Mais adiante, ao considerarem que as maneiras do tornar-se humano são tão numerosas quanto o são as culturas humanas, esses autores afirmam não haver uma natureza humana como um substrato biológico fixo, mas sim entendida como um conjunto de constantes antropológicas, dentre as quais se destacam a abertura para o mundo e a plasticidade de nossa estrutura instintiva. Portanto, melhor que dizer que o homem tem uma natureza é dizer que ele constrói sua natureza, ou seja, que produz a si mesmo.
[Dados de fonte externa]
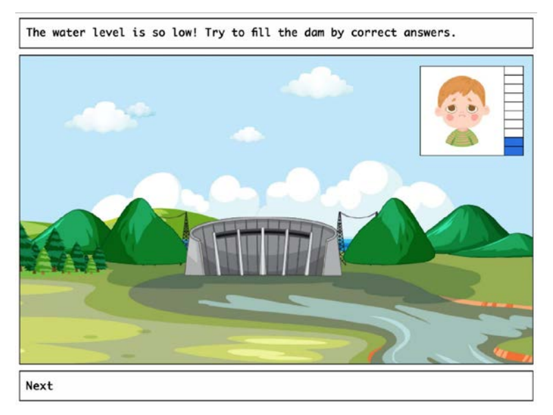
Figure 1. Effect of wrong answers on the environment in the game

effect. Hence, in this way, the player will try to remember the knowledge learned in the first part of the game, give the correct answers, and keep the water level high. The results will be shown visually to demonstrate the effect of water scarcity on the landscape by showing dry and green environments (Figure 1). Additionally, the players will not be shown the numbers but rather see the effect visually so that they will be able to visualize the conditions as much as possible. In the end, based on the reserved amount of water in the dam, the player will get rewards.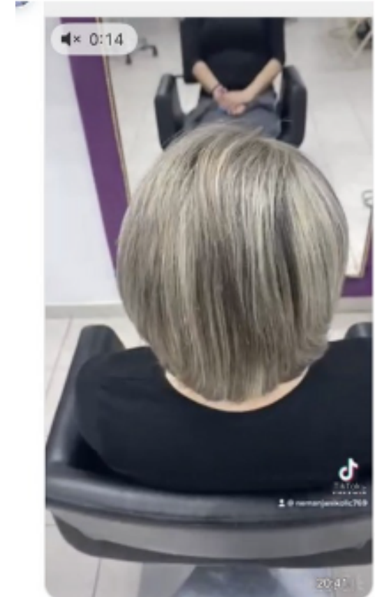
Painted five removed with 4.5% hydrogen. The hair is quite porous, as you can see, but the masterful plex did the job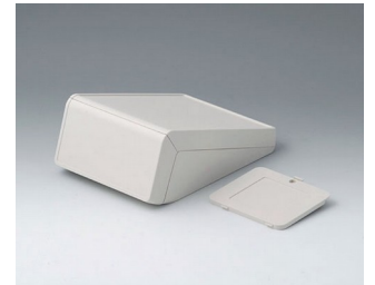
B4054337 UNITEC S, 0.02/0.06 ABS (UL 94 HB) off-white RAL 9002 4.92"x6.97"x2.72" IP 40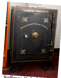
Suffrage Safe Opening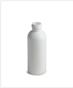
2 oz Prince Cylinder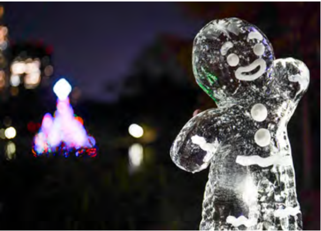
Gingerbread cookie ice sculpture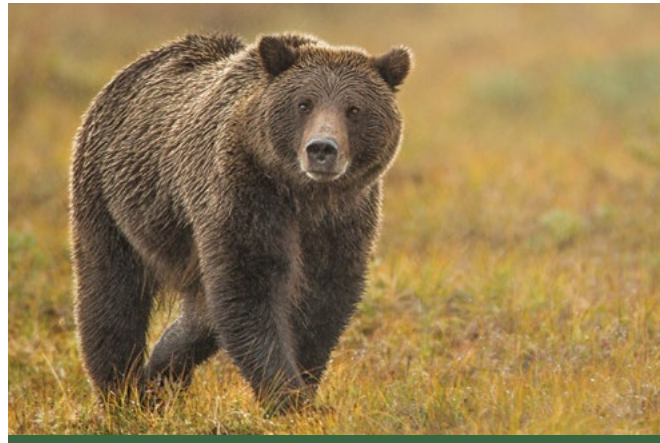
Grizzly bear in Denali National Park & Preserve.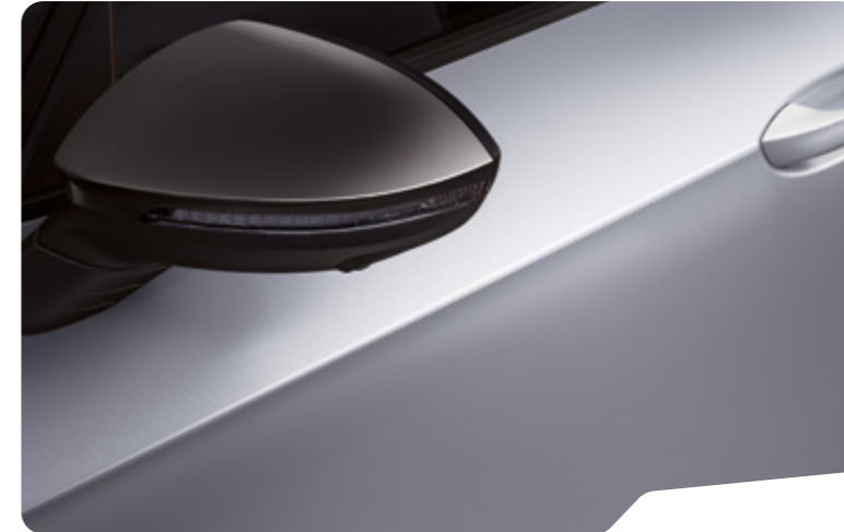
← GLACIAL WHITE 2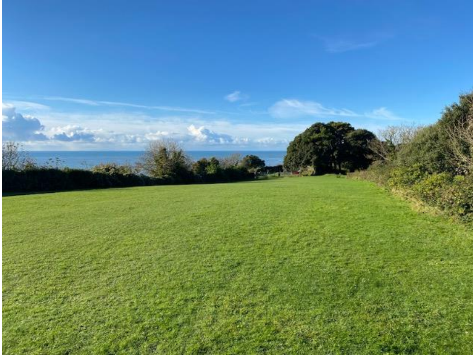
Upper green area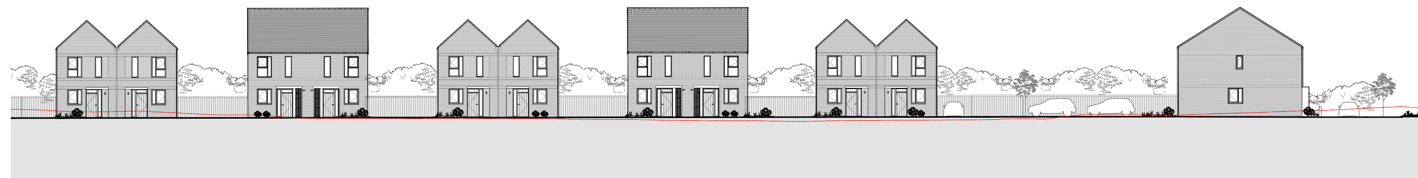
PROPOSED SITE SECTION F-F SCALE 1:200 @ A0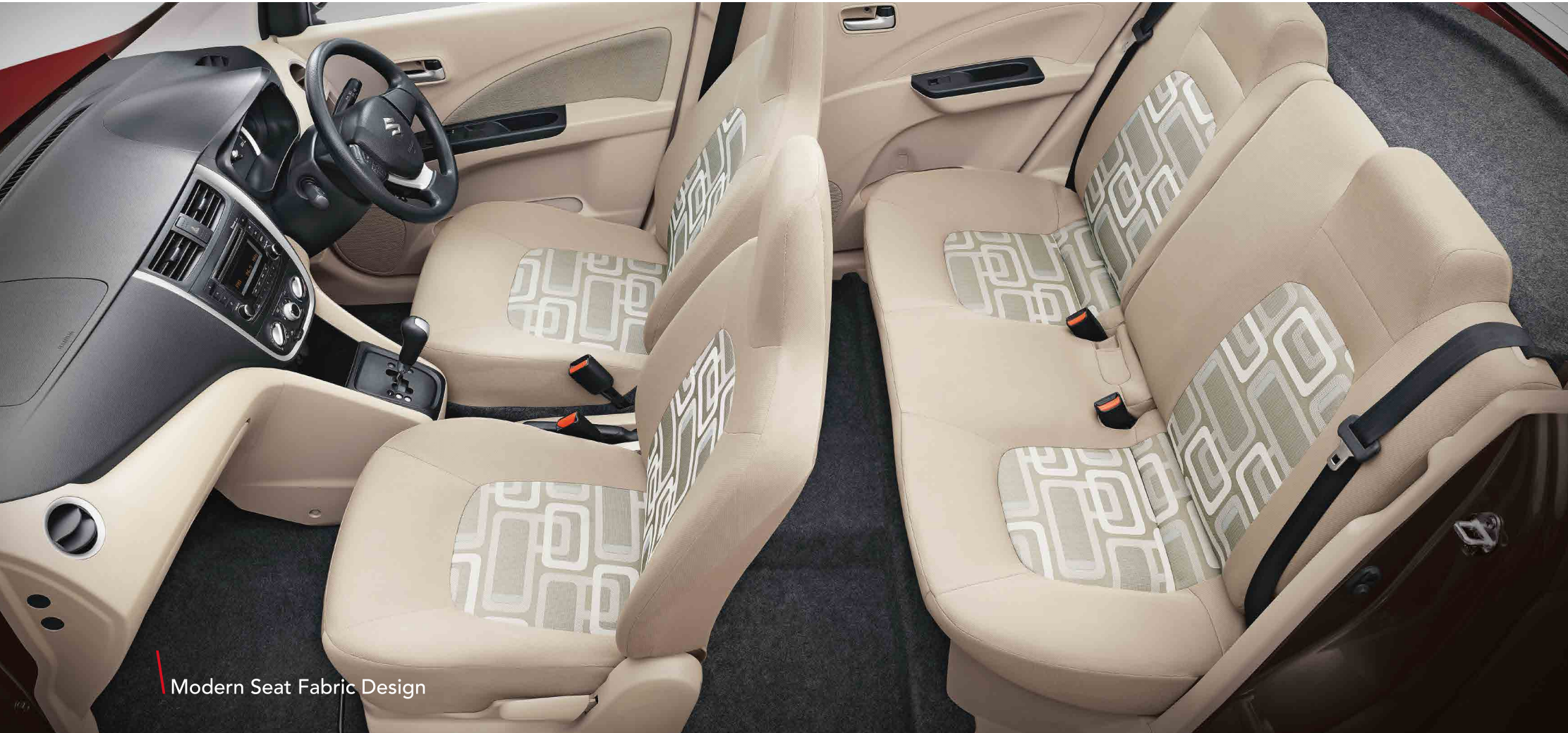
Modern Seat Fabric Design

Be at complete ease as you discover a world of space in the new Celerio. Beyond its generous cabin space, there is Seat Height Adjuster, Electronic ORVMs and a host of other features that take care of your comfortable driving experience.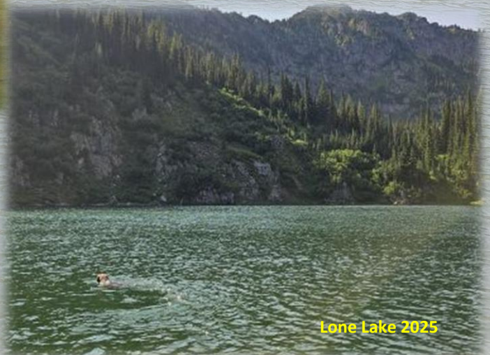
Lone Lake 2025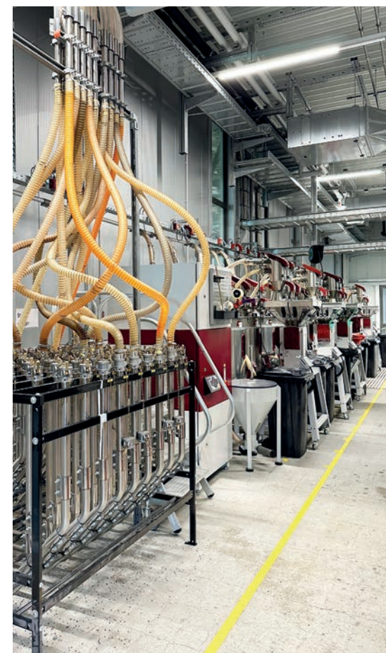
The granulate is fed into the materials handling system with gram-accurate precision by Gravimax gravimetric blenders from WITTMANN.

Since start-up of the in-house recycling project, the consumption of virgin material has gone down continuously, with an immediate effect on unit costs to improve the manufacturer's competitiveness. Most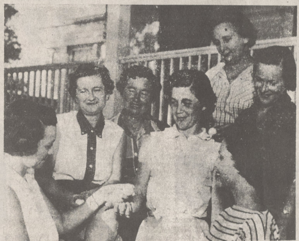
WOMEN GOLFERS HOLD TOURNAMENT — Women Golfers of the Foothills League gathered in Gastonia last week for a tournament at Gaston Country Club. Pictured are five of the members of the league which includes members from Shelby, Gastonia, Kings Mountain, Lenoir, Mooresville, Catawba, Statesville, Morganton, North Wilkesboro, and Lincolnton. Up front are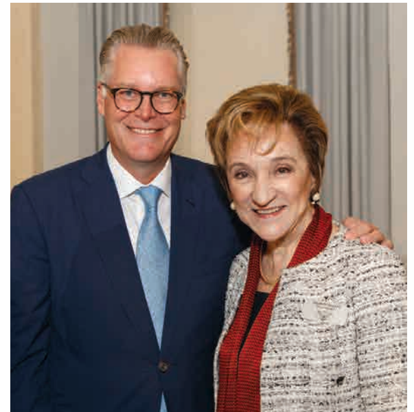
Edward Bastian, Marion Blakey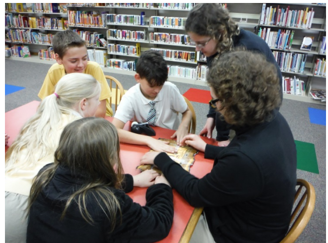
Assembling the treasure map pieces.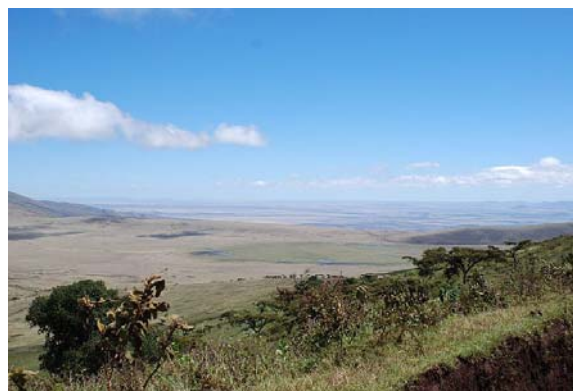
Figure 5: East African Rift Valley, Tanzania.

The carbonatites and alkaline igneous rocks are characteristically found in the interiors of tectonic plates, that is, away from the active plate margins where volcanic activity is at its greatest. They are commonly associated with the major rift systems, such as the East African and Baikal rifts and the Rhine Graben. The carbonatites are mostly confined to continental areas, while the alkaline rocks also occur over much of the world's oceanic intraplate areas on volcanic islands. Although more than two thirds of carbonatites that have been dated are Phanerozoic in age (less than 500 million years), they are overwhelmingly concentrated in areas comprising older Precambrian rocks.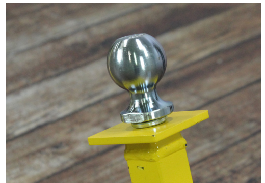
Shown with pintle hitch adapter installed.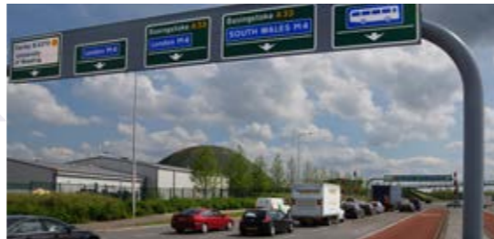
Direct routes to London, Basingstoke and The West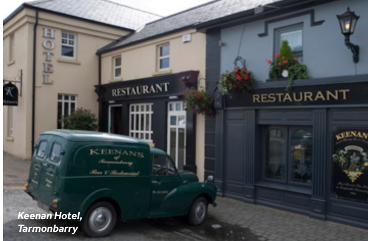
Keenan Hotel, Tarmonbarry

Cox's Steakhouse, located a short distance from Dromod Harbour on Harbour Road.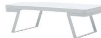
Code : CT-MB-003-PL 1200 x 600 x 380mm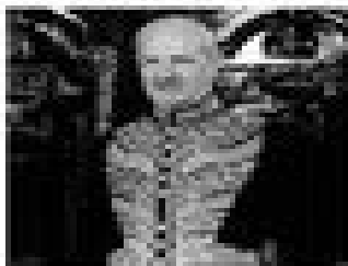
Homepage of the Great Medicine Reservoir

Here is page 1 to give you writing. Begin writing your news article on page 2.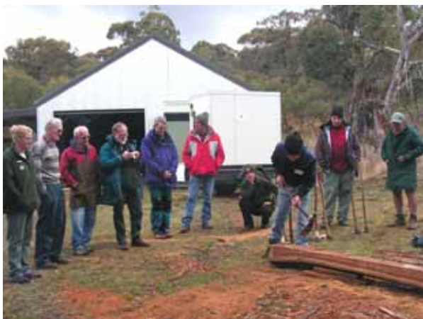
Some adze work on timber post preparation.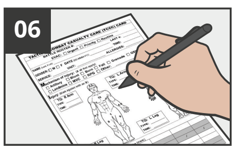
DOCUMENT medical aid on a DD1380 TCCC Card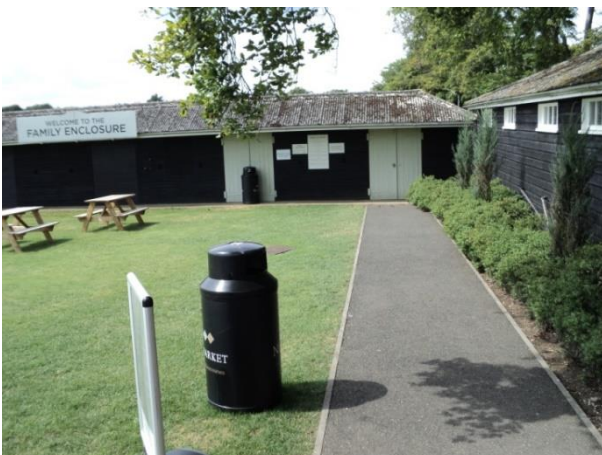
Garden Enclosure Entrance

The Garden Enclosure entrance is situated at the far end of the venue and all access is on level ground towards the entry gate. There is however some grass areas to navigate. The main doors are double width (150cm) and open towards you (pull).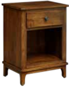
88-7801-21 OPEN NIGHT STAND -21" w x 29" h x 16" d -also available 7801-26 Open Night Stand -26" w x 29" h x 16" d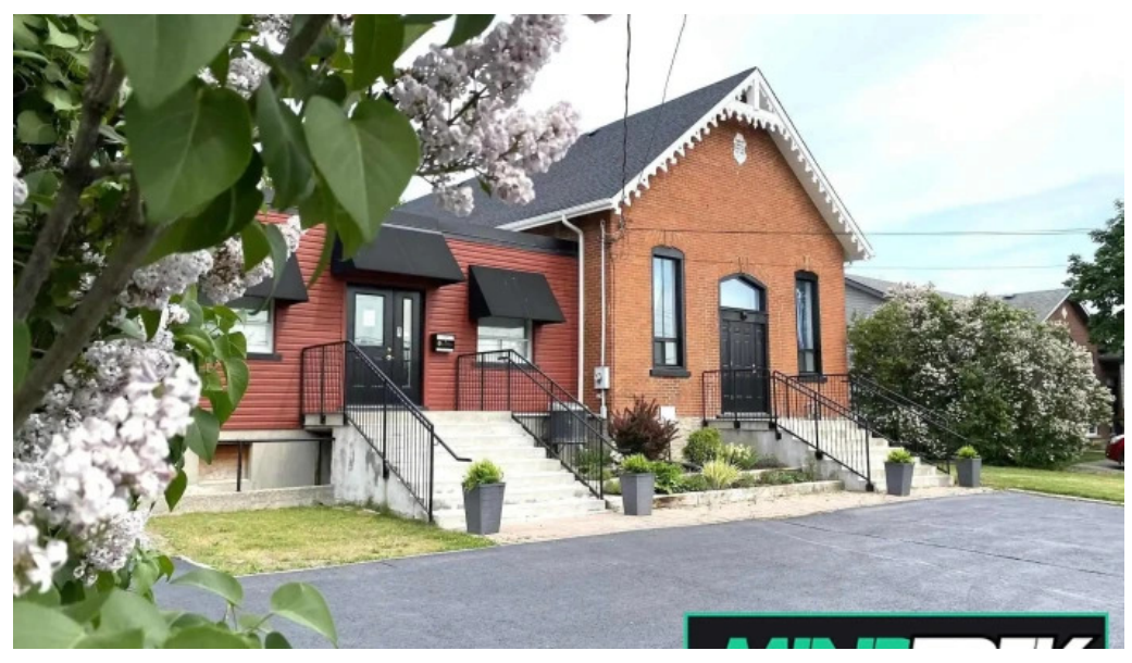
Moss psychology psychologist services by owner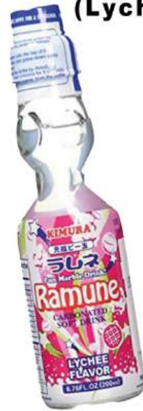
11. SK Ramune (Lychee)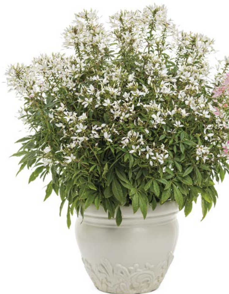
SEÑORITA BLANCA™ Improved Cleome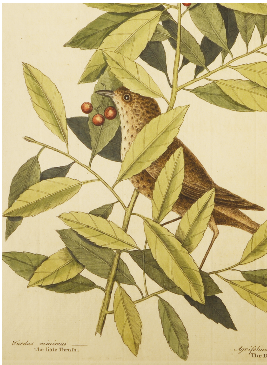
Figure 1. Cropped image of Little Thrush from Pl. 31 of Catesby (1731), probably illustrated without reference to a specimen (see text).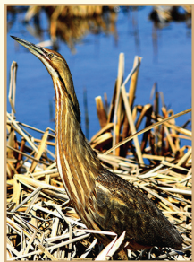
American Bittern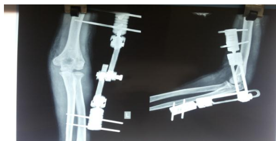
Figure 8: Anteroposterior and lateral radiographs showing reduced elbow after the Kirshner wires removal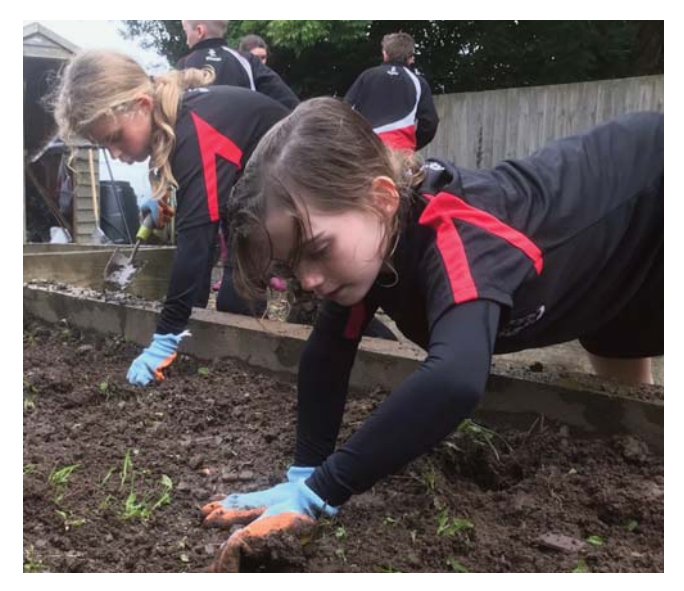
some well-rotted horse manure that we were able to dig into the vegetable beds before planting.

We are very grateful to Ray for delivering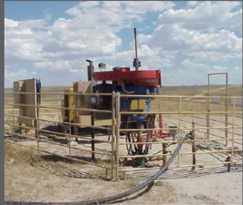
Progressing cavity pump with generator (behind) used for dewatering a CBM well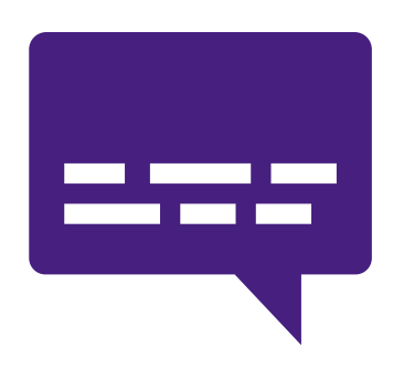
Share comments in chat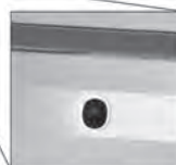
Available with a Discreet Built-in Camera

Dimensions include 1/4" (6mm) mounting bracket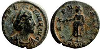
837 Roman Imperial coin 15mm 1,56g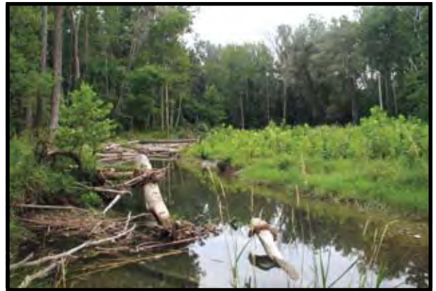
SP 5+200: The meander in the Cayuga Inlet is an area of heavy beaver activity causing the log jams. Log jams have caused the Inlet to overflow into adjacent fields.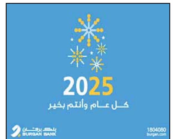
Burgan Bank wishes Kuwait a Happy New Year.

Burgan Bank would like to take this opportunity to extend its warmest wishes and heartfelt greetings to everyone in Kuwait for a joyous and prosperous New Year.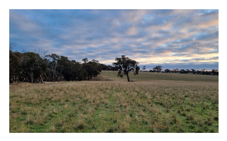
Looking west towards Concongella Hill from turbine 14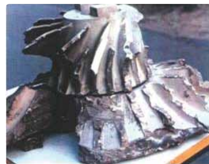
Totally destroyed compressor wheel

FORCE Technology is a member of both the CIMAC Denmark (The International Council of Combustion Engines) work group and WG 10 Users. We became members of WG 10 in June 2010, during the CIMAC congress in Bergen, Norway. The group is a dialogue forum among users and engine manufacturers. We will therefore obtain extensive knowledge of a number of operation related problems, providing us with the opportunity to offer our assistance and at the same time share our knowledge, through e.g. case stories.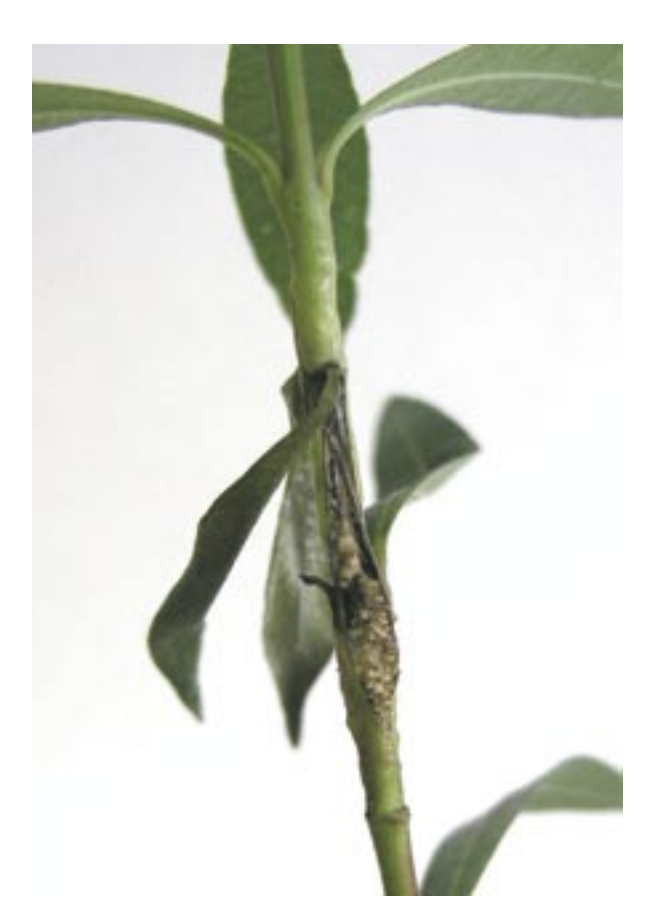
Figure 3. Primary and secondary parenchymatous knots following inoculation with Pseudomonas syringae pv. nerii on olender shoot

How might pv. nerii have been introduced to the Czech Republic, and are these strains a threat to ash? Knowing the history of the oleander plants on which pv. nerii was found in the Czech Republic, it seems probably that the pathogen was introduced on firm shoots that had been cut from an asymptomatic plant grown in the Mediterranean region. This kind of transmission is not surprising because the related bacterium Pseudomonas savastanoi pv.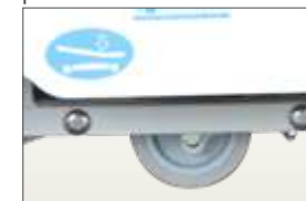
Ref CRO5E 5th directional wheel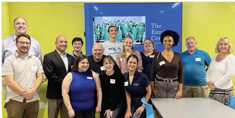
Chamber Young Professionals at The Excel Center

Go to excelcentercolorado.org to learn more about this powerful opportunity within our community.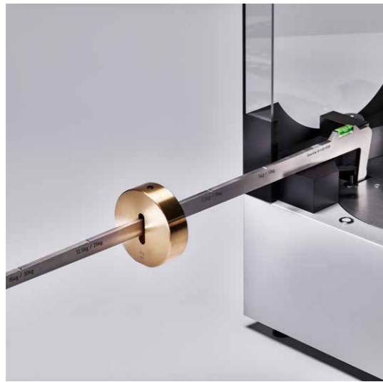
Static qualification with a single SmartCal™ reference weight that can be applied in multiple positions

A respeito dessa plasticidade e dessa abertura para o mundo, que configuram inúmeras possibilidades de percursos, assim declara uma aluna idosa: Eu acho que as pessoas não têm um destino certo. O futuro só Deus sabe. Eu não acredito muito em destino. Mesmo quando a gente está velha pode mudar. Eu mesma mudei bastante nos últimos anos. Agora, quando se é moço, Nossa Senhora!, dá pra fazer tanta coisa! Cada um escolhe seu caminho e faz a sua vida (Dona Vilma, 76 anos). Berger e Luckmann chamam de universo simbólico “a matriz de todos os significados socialmente objetivados e subjetivamente reais. A

2 Id., ibid., p. 71.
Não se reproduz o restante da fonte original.